EXERCISE GOAL ▸ Reproduce the lines below exactly, from the one containing "VDC-F70-A1-10,VDC-F7" through the one containing "Miła, lekka, ciepła, szlachetna, klasyczna", both included. Leave out any pictures.

RECORDS SUPPLIED ▸

----

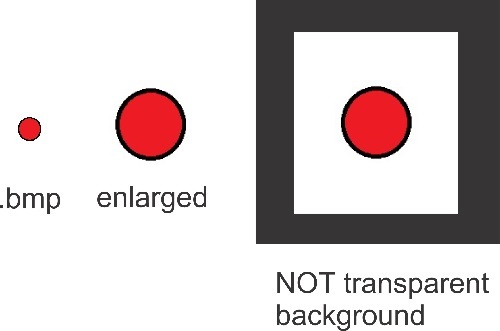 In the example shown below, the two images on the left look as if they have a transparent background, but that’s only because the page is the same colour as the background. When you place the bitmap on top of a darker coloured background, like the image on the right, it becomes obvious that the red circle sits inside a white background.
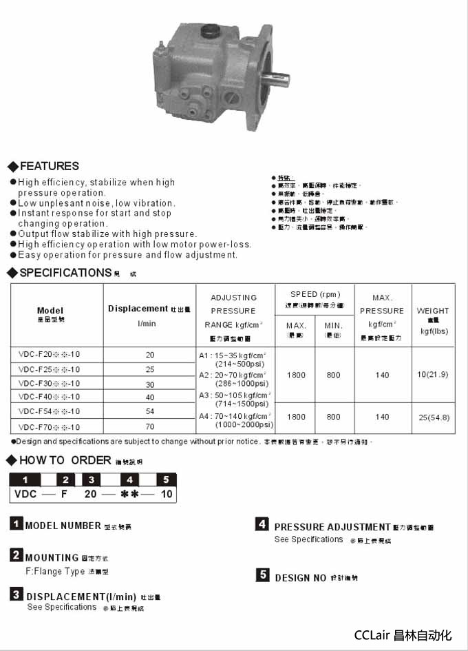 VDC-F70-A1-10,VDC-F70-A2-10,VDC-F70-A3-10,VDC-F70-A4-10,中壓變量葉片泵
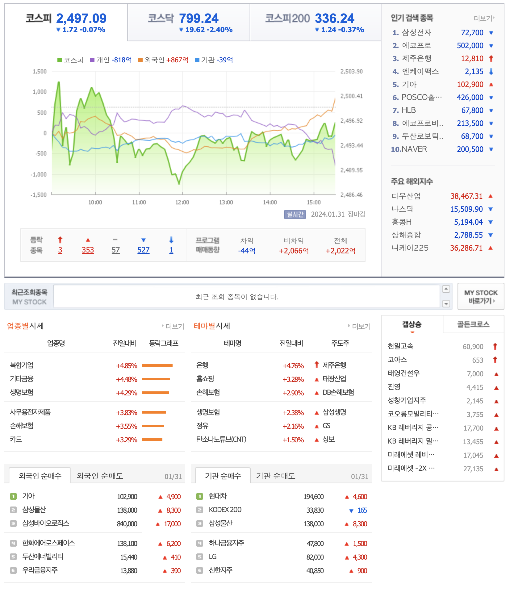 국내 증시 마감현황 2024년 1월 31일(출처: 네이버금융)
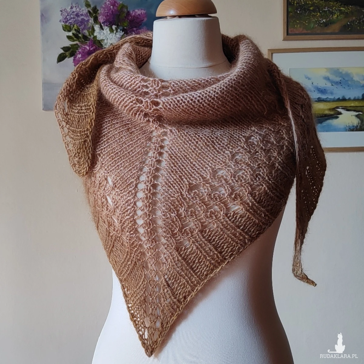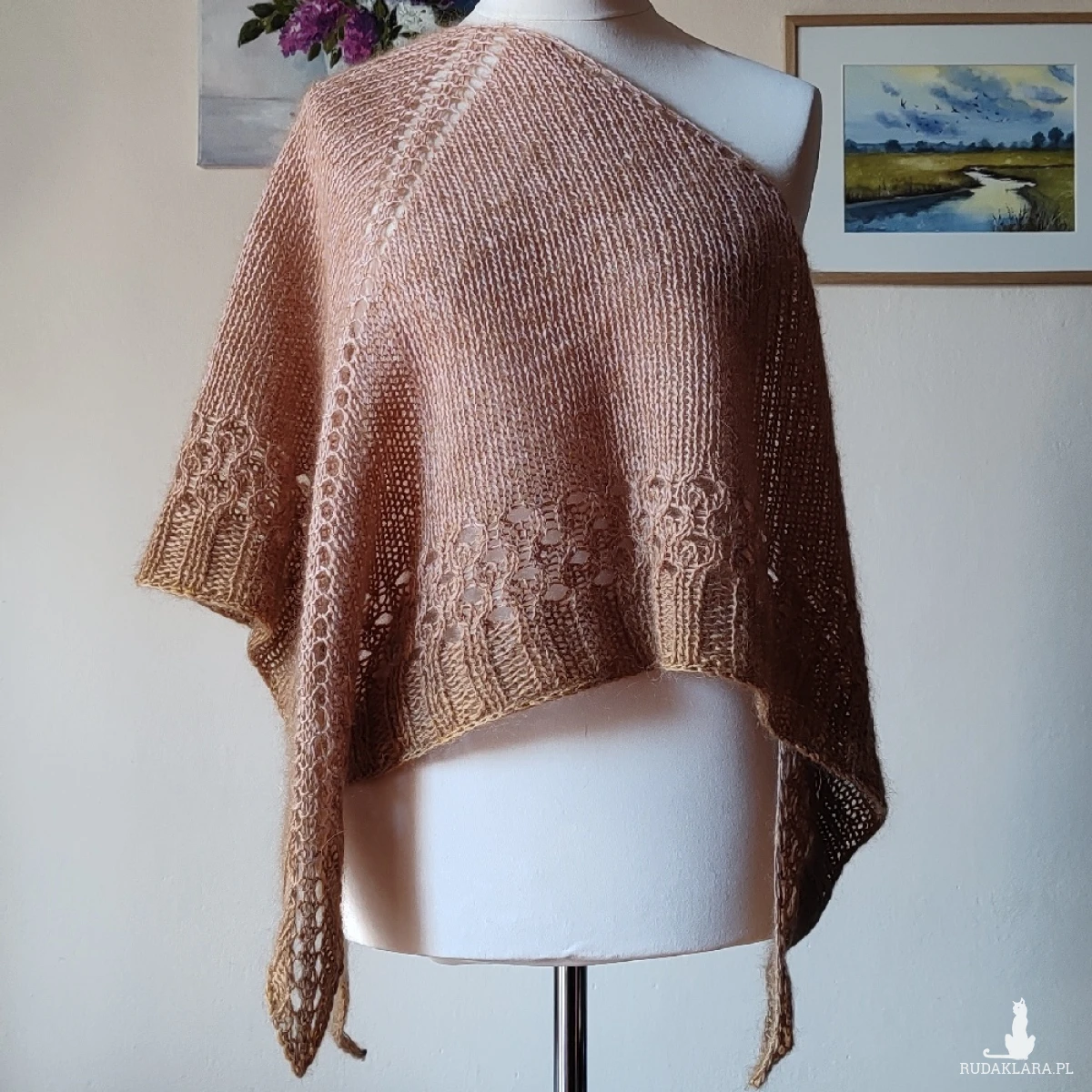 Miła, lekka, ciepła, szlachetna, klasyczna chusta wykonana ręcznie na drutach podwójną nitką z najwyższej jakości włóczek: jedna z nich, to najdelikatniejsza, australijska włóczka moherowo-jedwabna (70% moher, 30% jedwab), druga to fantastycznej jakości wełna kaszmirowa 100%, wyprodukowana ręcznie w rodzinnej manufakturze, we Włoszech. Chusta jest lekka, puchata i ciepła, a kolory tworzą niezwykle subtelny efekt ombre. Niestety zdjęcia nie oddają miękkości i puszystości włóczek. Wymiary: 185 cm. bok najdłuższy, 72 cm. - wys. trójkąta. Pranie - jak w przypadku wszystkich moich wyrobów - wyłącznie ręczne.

----

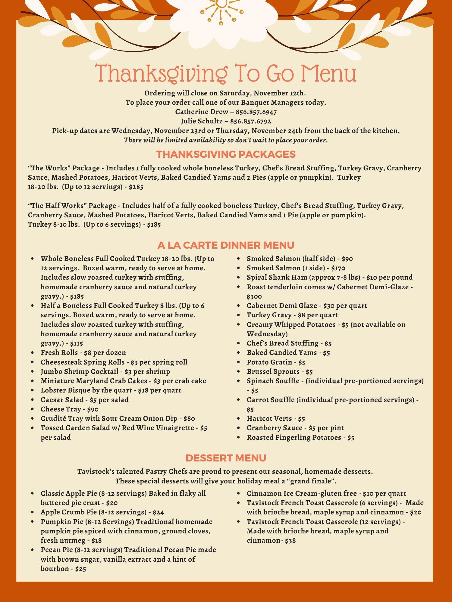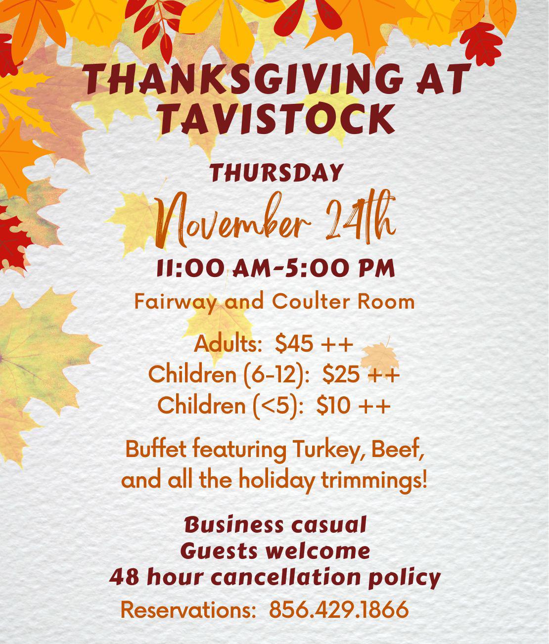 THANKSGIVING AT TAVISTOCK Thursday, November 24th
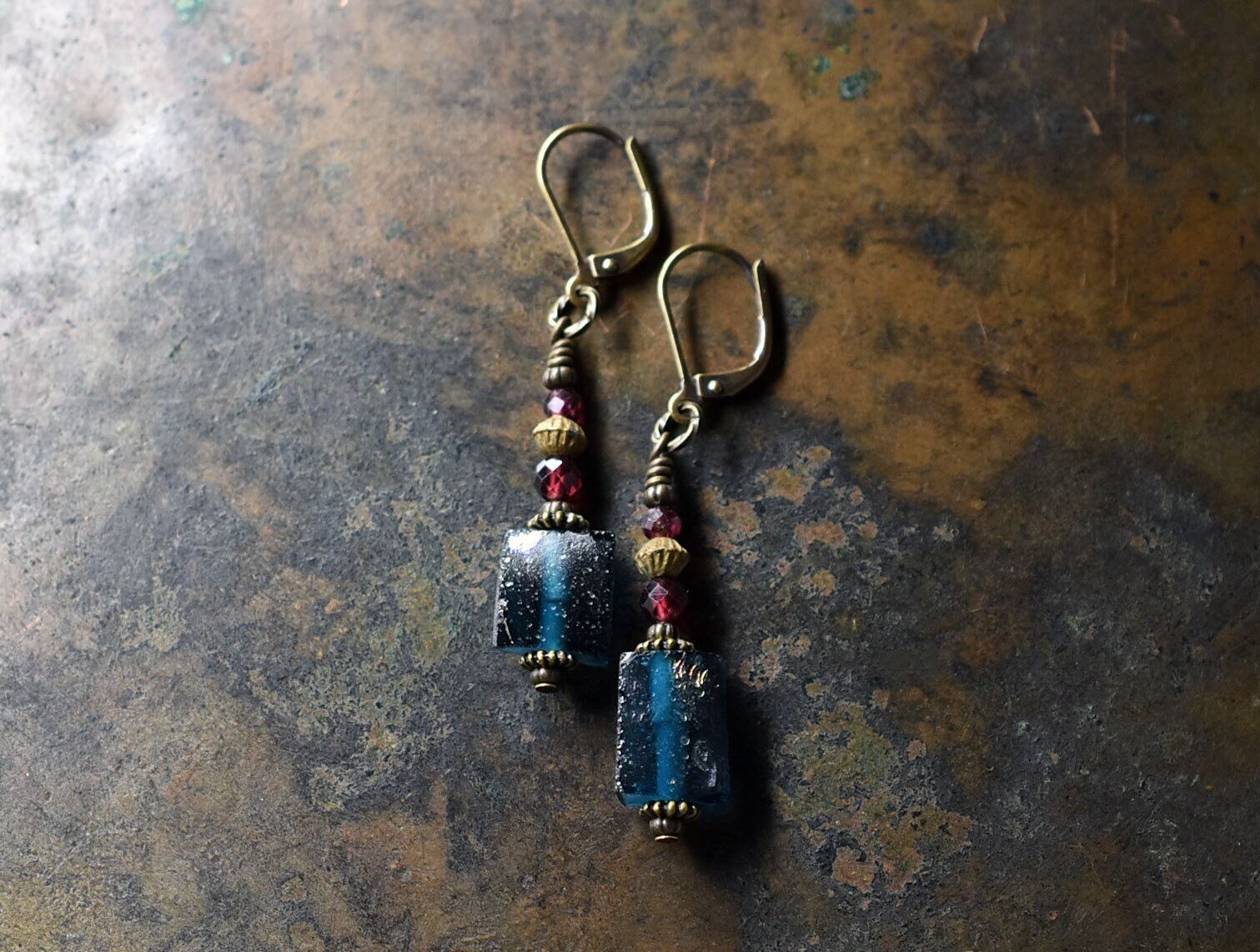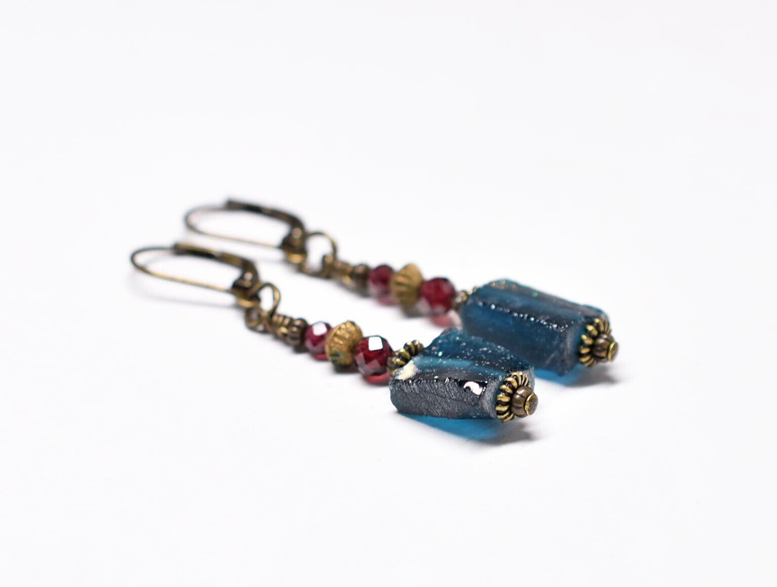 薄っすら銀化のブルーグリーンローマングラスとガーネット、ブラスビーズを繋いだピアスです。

----

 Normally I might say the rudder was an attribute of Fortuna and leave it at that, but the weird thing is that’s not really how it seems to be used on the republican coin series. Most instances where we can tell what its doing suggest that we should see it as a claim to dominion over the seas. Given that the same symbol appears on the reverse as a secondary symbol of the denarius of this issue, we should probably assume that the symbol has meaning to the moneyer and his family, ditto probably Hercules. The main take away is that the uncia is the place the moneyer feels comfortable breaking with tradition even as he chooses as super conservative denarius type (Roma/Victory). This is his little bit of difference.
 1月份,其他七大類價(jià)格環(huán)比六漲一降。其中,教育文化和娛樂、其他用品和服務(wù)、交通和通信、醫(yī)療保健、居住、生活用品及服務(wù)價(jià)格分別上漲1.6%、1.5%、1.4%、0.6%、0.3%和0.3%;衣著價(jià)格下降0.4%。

----

YOUR SOLUTION ▸
 VDC-F70-A1-10,VDC-F70-A2-10,VDC-F70-A3-10,VDC-F70-A4-10,中壓變量葉片泵
 국내 증시 마감현황 2024년 1월 31일(출처: 네이버금융)
 Miła, lekka, ciepła, szlachetna, klasyczna chusta wykonana ręcznie na drutach podwójną nitką z najwyższej jakości włóczek: jedna z nich, to najdelikatniejsza, australijska włóczka moherowo-jedwabna (70% moher, 30% jedwab), druga to fantastycznej jakości wełna kaszmirowa 100%, wyprodukowana ręcznie w rodzinnej manufakturze, we Włoszech. Chusta jest lekka, puchata i ciepła, a kolory tworzą niezwykle subtelny efekt ombre. Niestety zdjęcia nie oddają miękkości i puszystości włóczek. Wymiary: 185 cm. bok najdłuższy, 72 cm. - wys. trójkąta. Pranie - jak w przypadku wszystkich moich wyrobów - wyłącznie ręczne.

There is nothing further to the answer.